The hotel is committed to ensuring that the foods that are purchased, accepted, stored, prepared, and served
are safe & wholesome.

To support the development & implementation of the hotel’s food safety system based on HACCP principles
and as a follow up to the initial food safety training that the hotel carried out, the Executive Chef is to provide a
reminder sheet for all staff.

If there is anything explained to you that you do not understand, please ask. Our system in food safety will only
work if we have the commitment from ALL of our staff.

1. Limit the amount of jewellery to be worn during the preparation of food.


2. Ensure that you are wearing suitable protective head covering when preparing foods.
3. Ensure that your clothing and footwear are clean daily.
4. Wash your hands regularly, e.g. after preparing raw foods, handling waste, after a break, before you start work,
after coughing, sneezing, touching your hair, after eating & drinking and after going to the toilet.
5. Do not use the hand wash basins for anything else but hand washing. Keep access clear at all times.
6. Cover all cuts, open wounds or burns with waterproof band aids. Fingernails are to be kept clean and short. Do not
display bad habits such as placing fingers in food to taste.
7. Report any symptoms of food poisoning such as nausea, vomiting, stomach pains, diarrhoea or fever. DO NOT
WORK IF YOU ARE SUFFERING FROM THESE SYMPTOMS.
8. Do not smoke in the kitchen toilets.
9. Clean as you go. Don’t leave spillages for someone else to clean. Clean all food contact equipment after EVERY
use. This includes items such as the can opener and the meat slicer.
10. Change the water and the detergent regularly when cleaning.
11. Make sure that the food contact equipment you are about to use is clean.
12. Keep raw materials and finished products separate to avoid cross contamination. e.g. the storage of garnishes
must be kept above raw foods.
o o
13. The danger zone is 5 C – 60 C. Keep potentially hazardous food either hot or cold. Do not leave potentially
hazardous food such as sushi at ambient temperatures for long periods of time.
14. Use a sterilising wipe to clean the probe thermometer before each use.
15. Do not use items such as tea towels to cover food.
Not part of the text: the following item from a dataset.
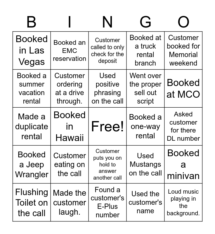 This bingo card has a free space and 24 words: Flushing Toilet on the call, Customer eating on the call, Used positive phrasing on the call, Used the customer's name, Customer booked for Memorial weekend, Booked in Las Vegas, Booked an EMC reservation, Customer called to only check for the deposit, Booked a one-way rental, Asked customer for there DL number, Made a duplicate rental, Customer ordering at a drive through., Used Mustangs on the call, Booked a minivan, Booked a summer vacation rental, Made the customer laugh., Found a customer's E-Plus number, Booked at a truck rental branch, Booked at MCO, Booked a Jeep Wrangler, Booked in Hawaii, Customer puts you on hold to answer another call, Went over the proper sell out script and Loud music playing in the background..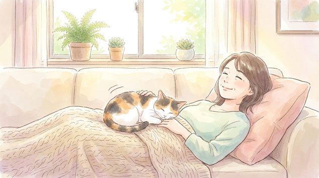 A. 本当です。ネコと触れ合うことで「オキシトシン(幸せホルモン)」が分泌され、ストレスホルモン「コルチゾール」が下がるという研究があります。ネコとの時間は、立派なリラックス法のひとつといえます。

Use plastic lids, glad wrap or aluminium foil. This includes
plates of butter and desserts. Label and date all stored foods without exception. Do not use tea towels for the
draining of juices from plates. Ensure all foods being transported to or from room service is completely covered.
16. Dispose of any cleaning cloths that are old, dirty and cannot be used effectively to clean surfaces.
17. Ensure that all bags of rubbish are tied correctly before placing them into a waste receptacle.
18. Practice first in/first out (FIFO) principles of stock rotation. Ensure that all food containers are clean and dry foods
are decanted into rodent proof containers and clearly labelled after being opened.
19. Report any worn or broken food contact equipment or any structural defects to machines or the fabric of the
building.
20. Do not leave half finished glasses of drinks in the kitchen at any time.
21. Use the blast chiller correctly and cool food down within 90 minutes and store. Do not use the blast chiller for the
storage of food.
22. Report any signs of pest activity or infestation.
23. Do not use glass jars for the storage of foods such as coffee. Use proper containers that are non-shattering.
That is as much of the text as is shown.